Bien sûr, tous ces jeunes  » alterentrepreneurs  » se livrent une guerre commerciale sans merci. D’abord sur le front des vitamines.  » Je pasteurise moins qu’Innocent « , déclare Pascal Hélou, fondateur de la start-up bretonne Smoovie.  » On ne chauffe qu’à 60 °C, pendant quelques secondes « , précise Mathieu Le Bigot (sans la  » flash pasteurisation « , les smoothies tourneraient illico).
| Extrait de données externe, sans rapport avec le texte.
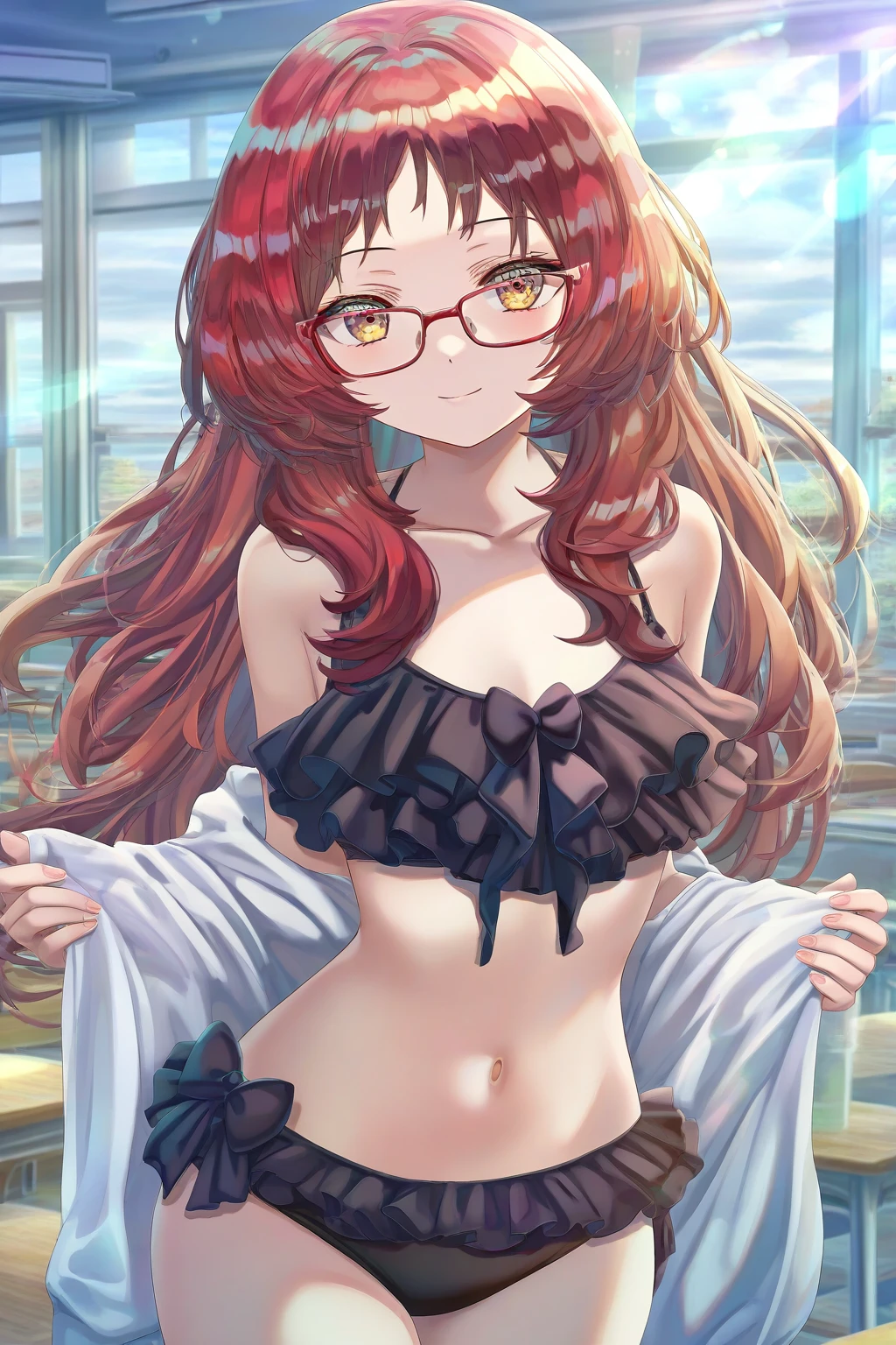 aimie, long hair, red hair, brown eyes, glasses, red-framed eyewear,

L’autre champ de bataille, ce sont les fameux AJC (apports journaliers conseillés).  » Une bouteille de 250 ml équivaut au moins à 3 des 5 portions de fruits et légumes journalières conseillées « , clame-t-on chez Smoovie.  » Dans chaque smoothie Innocent, il y a la totalité des AJC « , renchérit-on en face.

L’essentiel : manger bon, simple et sain. Dans les bars à jus, on y glisse pourtant souvent quelque ingrédient  » dopant  » exotique : Wanna Juice propose un Radical boost, enrichi au ginseng, ou l’After after, au gingembre, proclamé  » potion magique des lendemains de fête « . Certains cocktails intègrent de l’açai, une petite baie surnommée  » le Viagra de l’Amazonie « . Et l’on s’étonne que ça marche ! Autre avantage : le smoothie se trimbale partout.  » Les smoothies sont vendus dans des flacons directement inspirés du biberon, analyse Jean-Pierre Corbeau, sociologue de l’alimentation à l’université de Tours. Le packaging accentue la lecture régressive du produit, mais aussi son côté magique.  » Seul ennui : à 140 kilocalories la fiole, le smoothie est tout sauf un produit minceur.

La meilleure façon de s’initier, c’est sans doute d’aller bruncher dans l’un de ces bars à jus qui commencent à fleurir dans les grandes villes. A Paris, les amateurs ont déjà leur QG : le Bob’s Juice Bar, tout près du canal Saint-Martin. Il y a quelques mois, Marc Grossman, alias Bob, New-Yorkais d’origine, a posé son blender dans un local minuscule. Il n’hésite pas à y utiliser des légumes (avocat, betterave…) ou des compléments alimentaires naturels (jus d’herbe de blé, spiruline…).  » Les combinaisons sont infinies. Il n’y a aucune règle « , déclare-t-il dans la préface du livre (1) qu’il publie ces jours-ci.

Par ailleurs, les ventes de blenders, un appareil ménager jadis marginal, ne cessent d’augmenter. Et on attend avec impatience que débarquent chez nous ces sachets de mélanges de fruits surgelés spécial jus qui font un tabac dans les supermarchés anglo-saxons. L’engouement planétaire pour les smoothies est tel qu’il perturbe déjà, paraît-il, le cours mondial des fruits !

(1)  » Smoothies « , par Marc Grossman, Marabout, 30 recettes.